§ Dataset excerpt
■ ■ ■ ■ ■ ■ ■
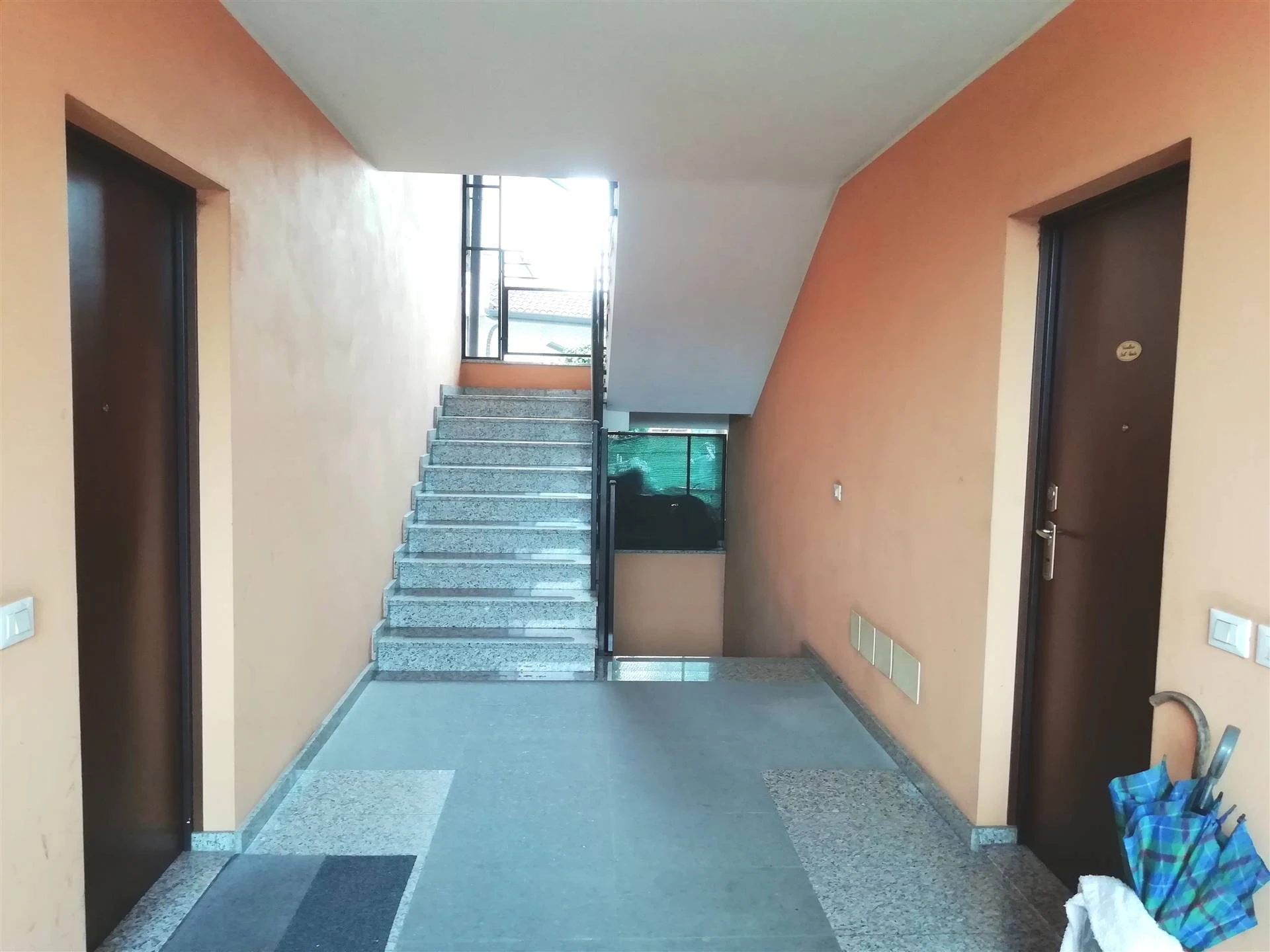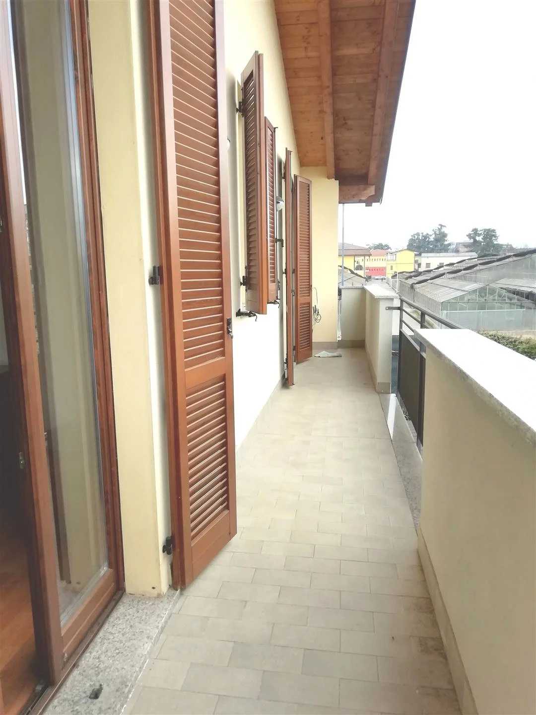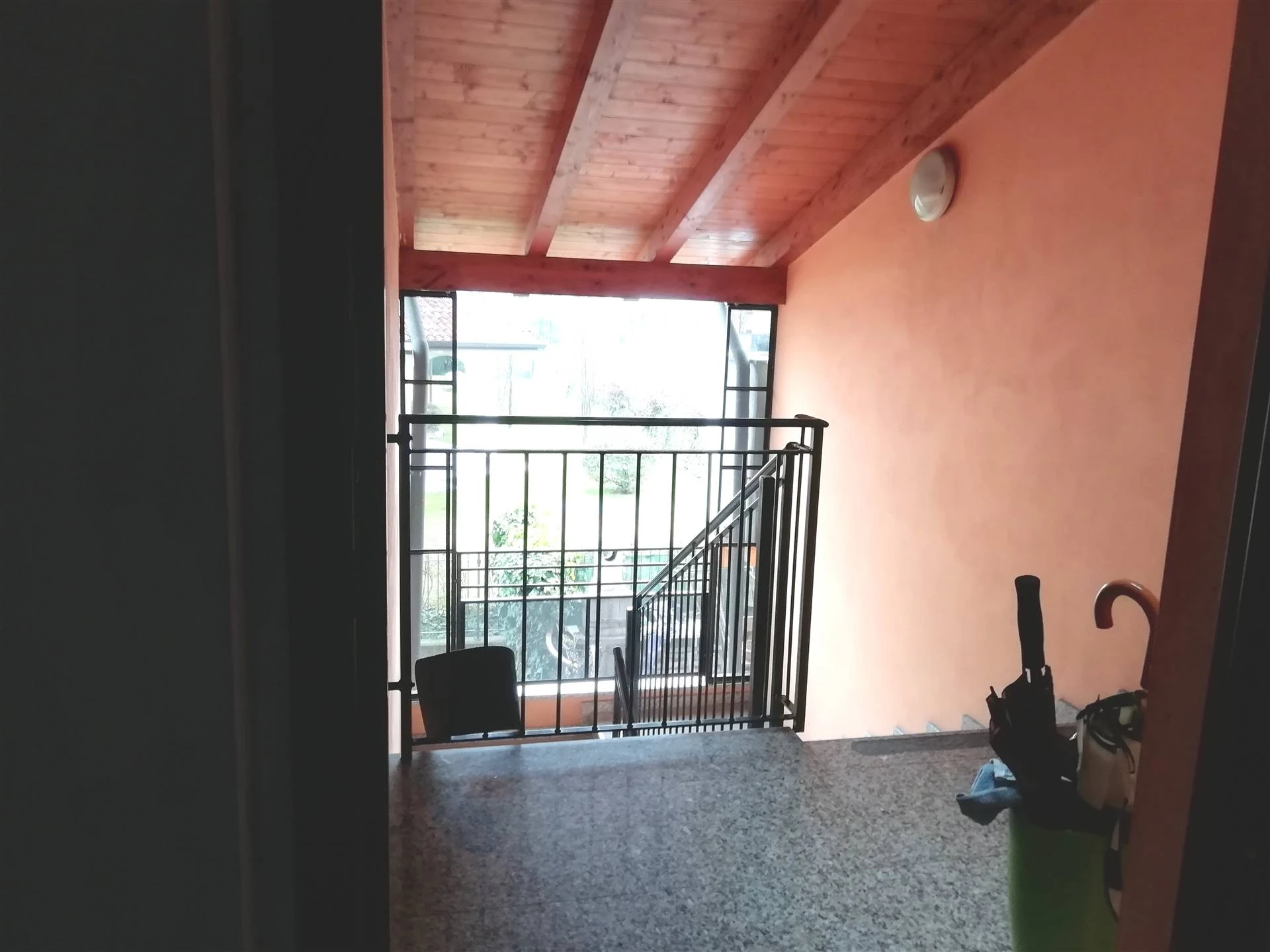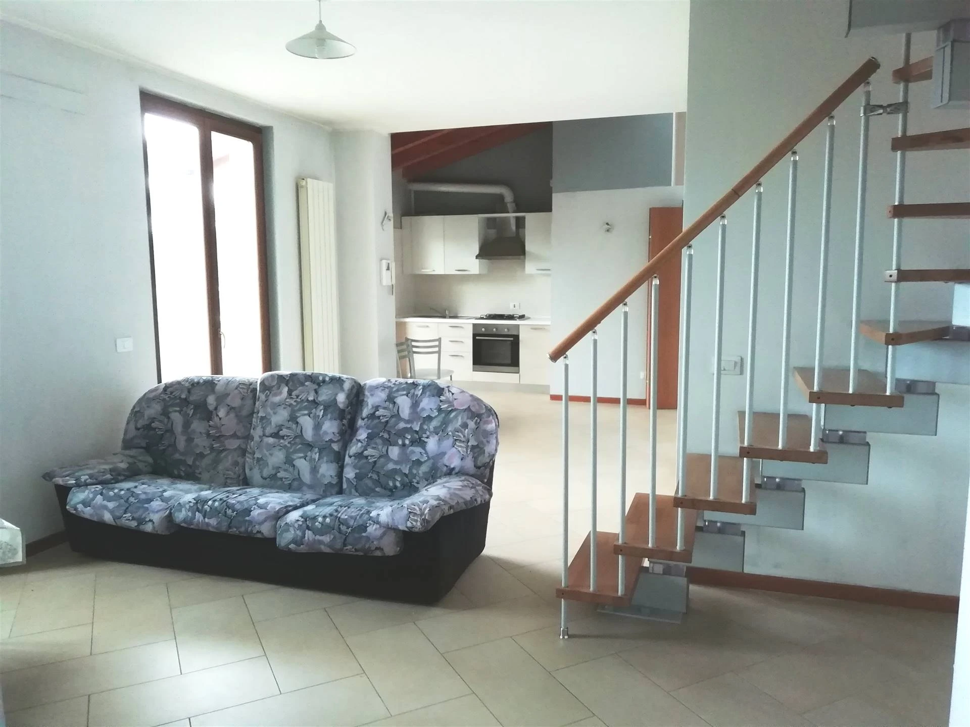 L'appartamento è così composto: ingresso con ripostiglio, soggiorno con cucina a vista, disimpegno, 2 camere da letto, bagno, 2 balconi; al piano superiore servita da comoda scala interna, terza camera mansardata con travi in legno a vista e balcone. A completare la proprietà nel piano interrato grande autorimessa piastrellata .
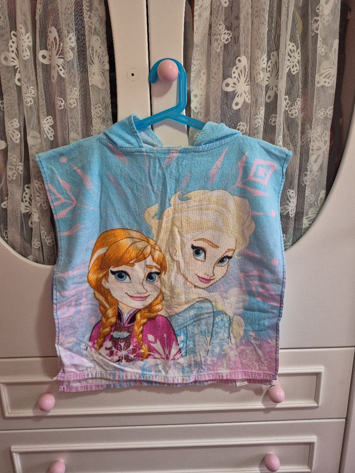Kız Çocuk Kapüşonlu Baskılı Havlu Panço
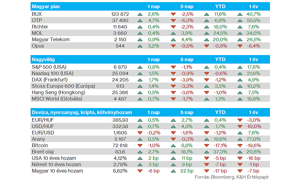 Magyar piac: Javuló teljesítményt nyújtott tegnap a hazai piac, amiben az OTP 4,7 százalékos emelkedése jelentős szerepet játszott. A befektetők egyébként a holnap hajnalban érkező negyedik negyedéves gyorsjelentésre is várhatnak a nagybank kapcsán. Az OTP mellett tegnap a többi blue chip is emelkedéssel tudta zárni a kereskedést, a Mol és a Richter tekintetében 0,4 százalék körüli elmozdulás mutatkozott, míg a Magyar Telekom közel 1 százalékos pluszba tudott kerülni.
■ ■ ■ ■ ■ ■ ■
§ Aim of the exercise
Exactly as given, transcribe every line of the data, but not its images.

§ Response to this task
 L'appartamento è così composto: ingresso con ripostiglio, soggiorno con cucina a vista, disimpegno, 2 camere da letto, bagno, 2 balconi; al piano superiore servita da comoda scala interna, terza camera mansardata con travi in legno a vista e balcone. A completare la proprietà nel piano interrato grande autorimessa piastrellata .
Kız Çocuk Kapüşonlu Baskılı Havlu Panço
 Magyar piac: Javuló teljesítményt nyújtott tegnap a hazai piac, amiben az OTP 4,7 százalékos emelkedése jelentős szerepet játszott. A befektetők egyébként a holnap hajnalban érkező negyedik negyedéves gyorsjelentésre is várhatnak a nagybank kapcsán. Az OTP mellett tegnap a többi blue chip is emelkedéssel tudta zárni a kereskedést, a Mol és a Richter tekintetében 0,4 százalék körüli elmozdulás mutatkozott, míg a Magyar Telekom közel 1 százalékos pluszba tudott kerülni.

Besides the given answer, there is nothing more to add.